Entonces, llega Jesús con un mensaje revelador.
Él desea celebrar la cena antes de morir en la cruz y, junto a sus discípulos, se pregunta dónde celebrarán la cena.
Consideremos que hoy, en la fiesta del Corpus Christi, él nos pregunta: ¿Dónde está mi sala para que yo pueda celebrar mi pascua con mis discípulos?
Jesús, en esa cena, da un nuevo sentido a la alianza entre Dios y la humanidad. También usa el símbolo de la sangre, ¡su sangre! “Sangre de la nueva y eterna alianza, que será derramada por todos nosotros.” Dice lo mismo de su cuerpo, “que será entregado para el perdón de los pecados.”
En esa cena anterior a la Pascua, Jesús se entrega y dice: De ahora en adelante, me transformo en este pan y este vino.

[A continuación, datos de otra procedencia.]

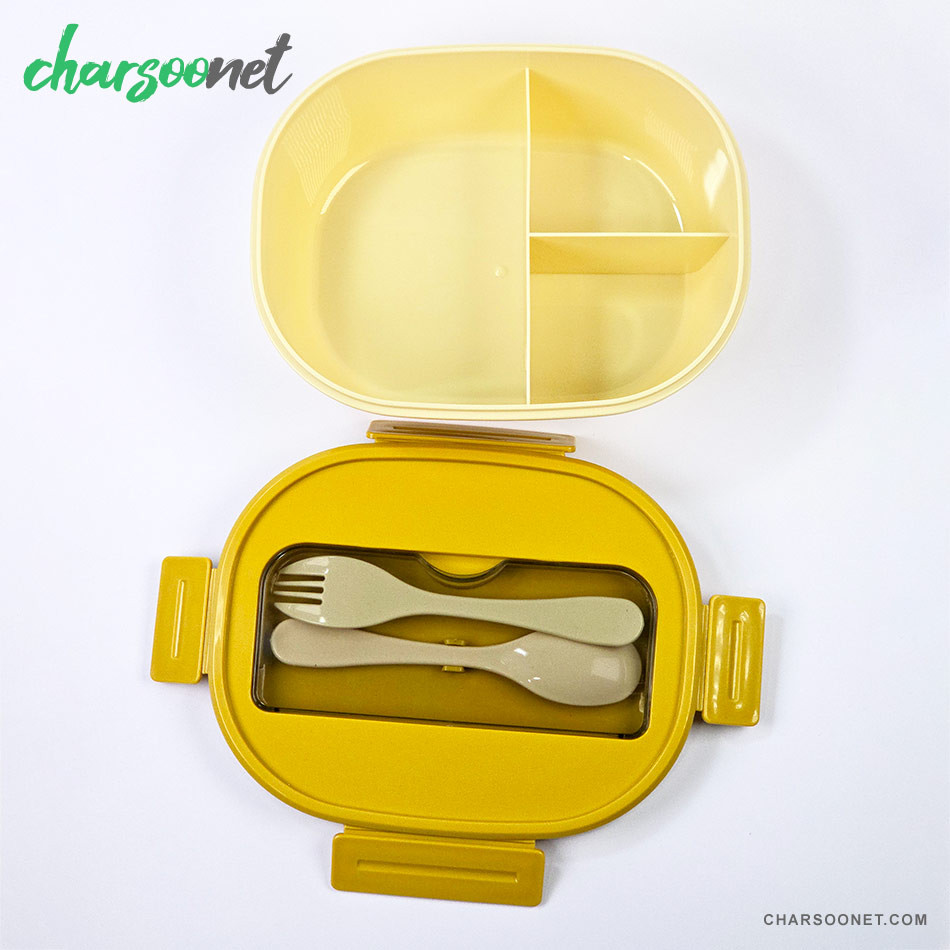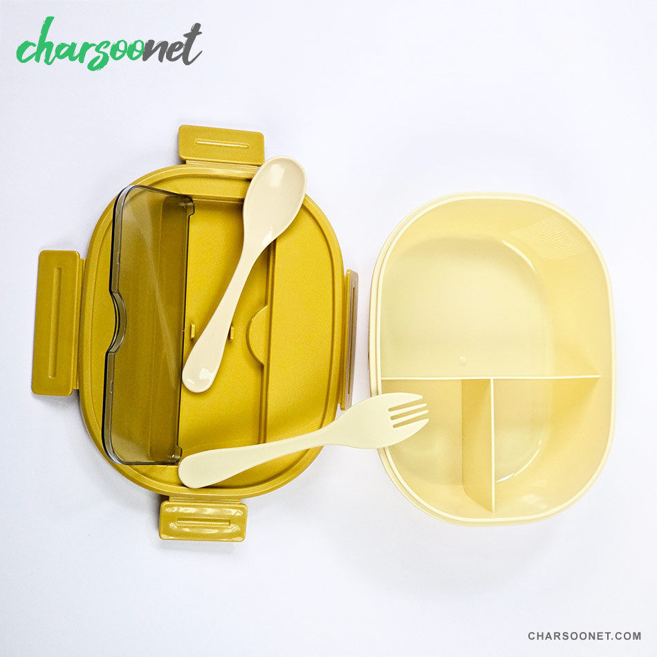 - تقسیمبندی دوبخشی: دارای دو محفظه جداگانه برای نگهداری برنج، خورشت، سالاد یا میانوعدهها بدون تداخل طعم

Es algo totalmente nuevo, solo el Hijo de Dios podría concebirlo. Y además dice: “Hagan esto en memoria de mí,” y durante dos mil años hemos estado actualizando ese momento de la Última Cena.
Gracias a esa voluntad divina, los seres humanos pueden convertirse en aliados fieles y formar parte de la Nueva y Eterna Alianza con el Señor.
El Señor Jesús es nuestra redención y nuestra santificación, él es nuestra purificación. Y aunque nuestra fuerza no es suficiente, gracias a su redención podemos alcanzar la perfección y la felicidad en nuestras vidas.
Pensemos en este milagro. Jesús se nos entrega en el sacramento de la Eucaristía, y cuando lo recibimos, nos transformamos en un solo cuerpo con él. Somos el uno para el otro y somos parte de esa nueva y eterna alianza, y por lo tanto podemos alcanzar la plenitud. Podemos ser el amigo perfecto, la madre perfecta, el esposo perfecto, y el sacerdote perfecto, etc. Es decir, nos transformamos en lo que Dios quería de nosotros.
Este domingo celebramos la alianza del ser humano con Cristo, y cuando él pregunta: ¿Dónde está la sala para celebrar esta alianza? Podemos responderle: “Aquí tienes la sala de mi vida, está disponible para ti. No es perfecta, está un poco desorganizada, necesita reparaciones, pero está disponible para ti si quieres celebrar la Pascua con tus discípulos.”